Religiöse Pluralität in einer modernen Gesellschaft ist anspruchsvoll, weil mehr möglich sein muss als
eine friedliche Koexistenz. Schon die aber verlangt wechselseitiges Verstehen und Toleranz. Damit
sind zugleich Grundlagen für den Dialog der Religionen und das Interesse aneinander benannt. KarlJosef Kuschel aus Tübingen spricht vom Ziel einer „abrahamitischen Ökumene“. Ihre erste
Voraussetzung in modernen Gesellschaften ist es, Religion ernst zu nehmen – eben als Quelle von
kulturellen Prägungen, Grundhaltungen und Werten. Die Theologien des Judentums, des Islam und
des Christentums leisten einen wesentlichen Beitrag, den hohen Erwartungen gerecht werden zu
können. Sie klären und klären auf. Sie befördern Verstehen und Verständnis. Sie fördern nicht allein
das Verständnis der jeweiligen Religion und des damit verbundenen Glaubens. Sie wirken auch
klärend im Blick auf das Verständnis der kulturellen Grundlagen einer Gesellschaft. Auch deshalb
gehört die jüdische Theologie in die Universität, weil das Judentum zum Fundament der westlichen
Zivilisation gehört. Auch darauf hat Abraham Geiger hingewiesen.

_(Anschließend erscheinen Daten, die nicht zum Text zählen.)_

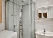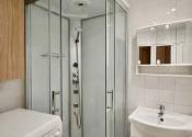 Kúpeľňa so sprchovacím kútom, priestorom na práčku, umývadlom a zrkadlom
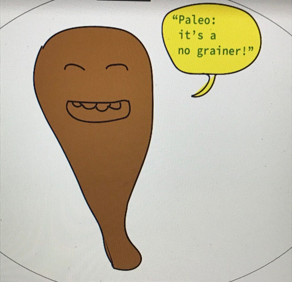 For this project I decided to create a chicken leg and insert a quote. My logo includes a chicken leg saying “ Paleo: It’s a no grainer.” I thought this quote was perfect for my logo because It’s a fun quote that goes along very well with my topic. It’s not very serious, and it shows character.
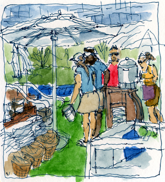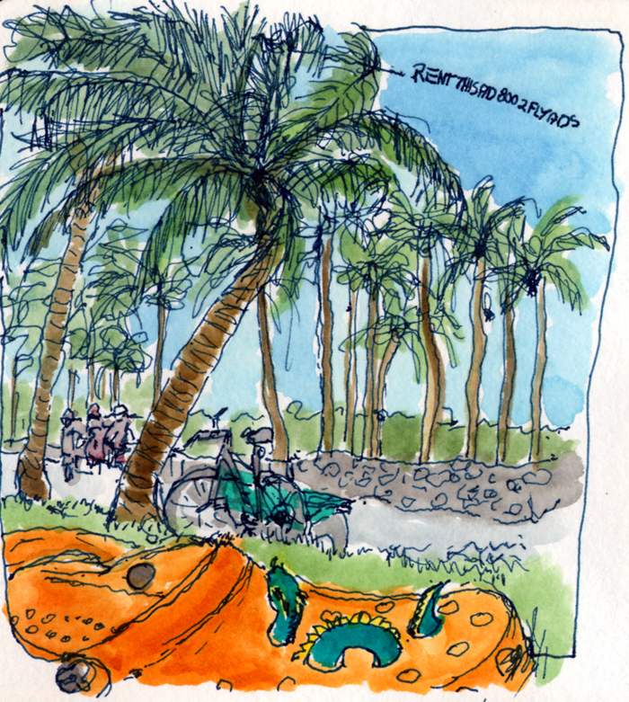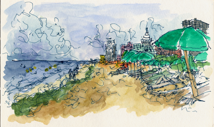 just came back from a 10 day trip to Miami and San Francisco where we had a great time. I did not do as much sketching as I had planned, just too busy seeing things, walking around, eating and I admit it, shopping. Above the beach in front of the hotel in Miami beach.

So darf ich abschließend meiner Freude darüber Ausdruck verleihen, dass nach der Schoah wieder
jüdisches Leben und jüdische Kultur in Berlin und in anderen Städten unseres Landes sich auf
eindrucksvolle Weise entfaltet und die jüdische Theologie in Berlin und hier an der Universität
Potsdam etabliert ist. Abraham Geiger würde das ganz gewiss freuen.
1)
ders.: Die Bedeutung der Geisteswissenschaften im politischen Leben. In: Florian Keisinger u.a. (Hrsg.): Wozu
Geisteswissenschaften? Frankfurt 2003, S 48.
2)
Jüdische Studien als Disziplin. S. 20. in: Johannes Heil, Daniel Krochmalnik. Hrsg.: Jüdische Studien als Disziplin
– Die Disziplinen der Jüdischen Studien. Heidelberg 2010.